A "onda" feminista do Chile chega a Cannes

Eles levantaram suas vozes e tomaram conta das universidades. O vencedor do Oscar Sebastián Lelio apresenta "A Onda" em Cannes, um revival musical dos protestos feministas que abalaram o Chile em 2018.
O novo filme de Lelio, parte da Première de Cannes, uma seção fora de competição, é um musical feminista que conta a história das origens de uma onda de protestos no país sul-americano contra abuso sexual, violência de gênero e algumas práticas retrógradas e arraigadas em faculdades e escolas.
O cineasta chileno de 51 anos acompanha Julia, uma estudante de música que, quase involuntariamente, se envolve nos protestos e acaba se tornando sua líder.
Uma das primeiras cenas já dá o ritmo do filme: os estudantes saem para o pátio e, com uma multidão coreografada, desenrolam uma faixa com os dizeres: "Nesta universidade, estupradores se formam".
"Musical Contemporâneo"Lelio, que ganhou o Oscar de Melhor Longa-Metragem Internacional com "Mulher Fantástica" (2017), explica que em 2018 morava na Alemanha, mas estava no Chile quando o movimento eclodiu.
"Vi a marcha das mulheres com máscaras coloridas, muitas delas com os seios expostos", disse ela em entrevista à AFP no sábado. "Eu achava que ela tinha uma força e uma rebeldia incríveis."
Também foi dito que era um bom tema para algo que ele vinha pensando há muito tempo: "Um musical contemporâneo" sobre eventos atuais.
Apesar da falta de tradição na América Latina para esse gênero, Lelio aposta nele porque, segundo ele, o musical traz consigo características como inventividade , ludicidade e expressionismo. É "uma grande oportunidade para continuar escapando da âncora do realismo (...) que também tem suas limitações".
Mas, como indicado no início da história, o filme é vagamente inspirado em algumas cenas universitárias da época.
O diretor não esquece todo o trabalho investigativo que foi feito com pessoas que viveram o surto e para coletar depoimentos.
"Foi extremamente importante basear tudo em experiências da vida real e então partir daí", explica ele. "Desse trabalho surgiu não tanto a estrutura do filme, mas sua substância."
A parte musical e coreográfica foi muito complexa, ressalta o diretor, devido a toda a interação entre todos os departamentos, entre a escrita, as músicas e a melodia .

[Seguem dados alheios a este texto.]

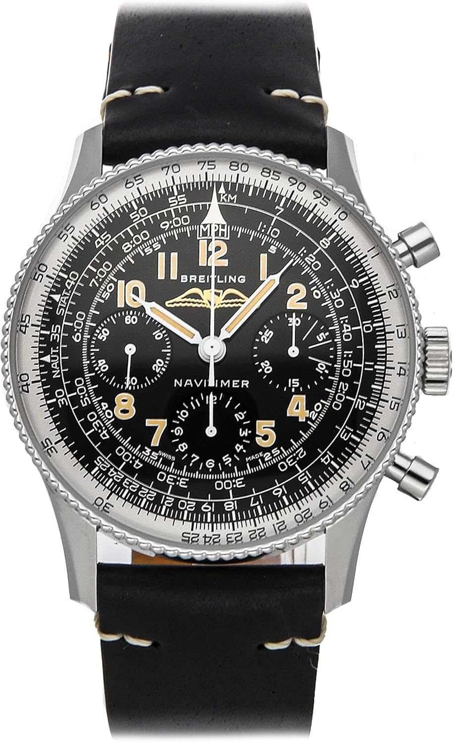 Breitling Navitimer Ref. 806 1959 再版限定版 (AB0910371B1X1) 手動巻き時計は、41mmのステンレススチールケースと、ブラックのレザーストラップのブラックダイヤルとステンレススチールのタングバックルが特徴です。 機能には、時間、分、スモールセコンド、日付計算尺、クロノグラフが含まれます。 この時計は箱と紙が付属しています。 これは1959年の限定版作品です! ほとんどの時間は工場保証に残っています! 1884年にLeon Breitlingによって設立された同社は、産業および科学目的のカウンターとクロノグラフのメーカーとして概念化されました。 10年も経たないうちに、Breitlingがその革新的デザインと機能性によって「ヒット」になったことが明らかになりました。 同社の最も注目すべきクライアントには、アメリカ軍や主要な国際航空会社が含まれます。

Alguns dos números musicais inevitavelmente lembram Las Tesis, o coletivo feminista chileno que viralizou em 2019 com sua apresentação de "Un violador en tu camino".
"As ondas retornam""Devido à escala do projeto, foi a coisa mais trabalhosa que já tive que fazer", admite Lelio, que filmou vários filmes nos Estados Unidos, como "Desobediência" (2017) com Rachel Weisz e "Gloria Bell" (2018), um remake de seu próprio filme com Julianne Moore.

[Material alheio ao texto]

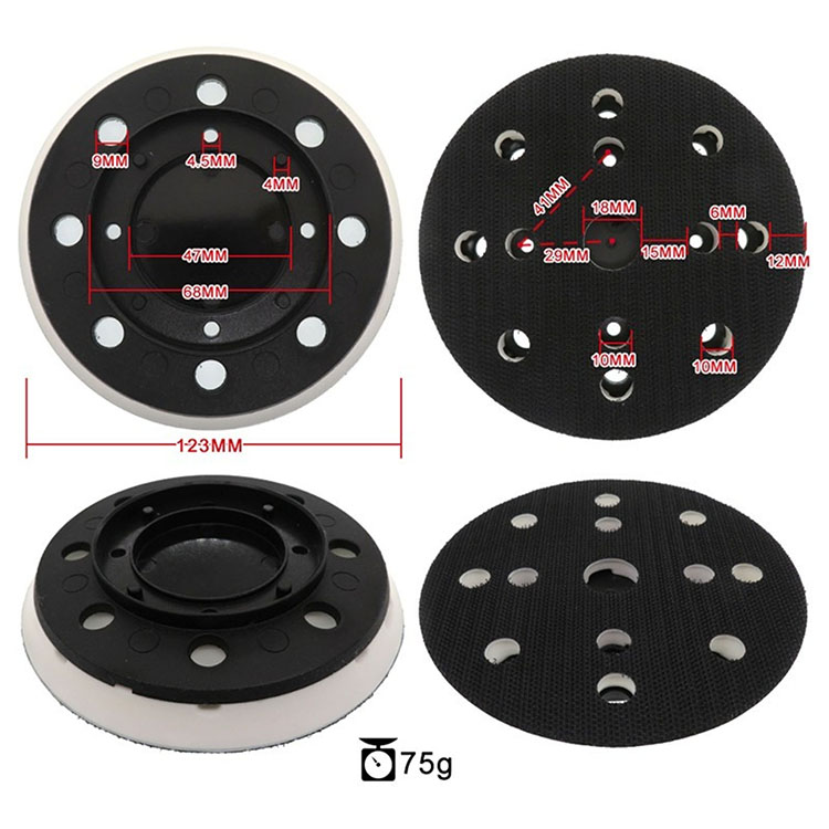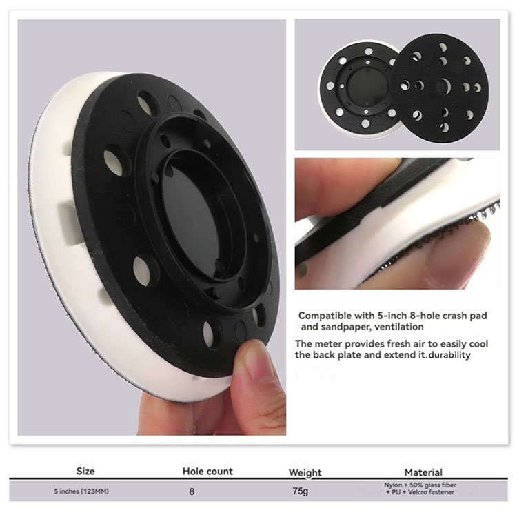 l Compatible with 5-inch 8-hole cushion and sandpaper, ventilated design provides fresh air, easy to cool the backing plate, prolong durability

Para encontrar atrizes, elas realizaram audições em massa em escolas de teatro .
De lá vieram Julia (Daniela López) e os outros estudantes que se juntaram à revolta, usando capuzes vermelhos, cantando slogans feministas e realizando coreografias combativas.
Embora essas atrizes tivessem pouca experiência em cinema, elas tinham uma grande capacidade de adaptação e aprendizado rápido. "Essa geração tem uma coisa muito espontânea em relação à dança, por causa do TikTok... Há uma qualidade muito mais natural nisso do que na geração mais velha", diz Lelio.

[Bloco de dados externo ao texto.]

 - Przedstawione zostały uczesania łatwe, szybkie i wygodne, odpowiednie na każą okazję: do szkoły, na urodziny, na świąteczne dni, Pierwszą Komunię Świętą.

E acima de tudo, eles estavam nos protestos e viveram aqueles meses de mobilizações.
Lelio, cuja filmografia é quase inteiramente composta por histórias sobre mulheres fortes , sabe que "A Onda" está sendo lançado em um momento em que, em alguns países, os direitos das mulheres estão sendo revertidos.
"O pêndulo está voltando, e a vingança contra o progresso das mulheres está exposta e diante delas", diz ela. "Mas o pêndulo oscila para frente e para trás, e as ondas rolam para frente e para trás."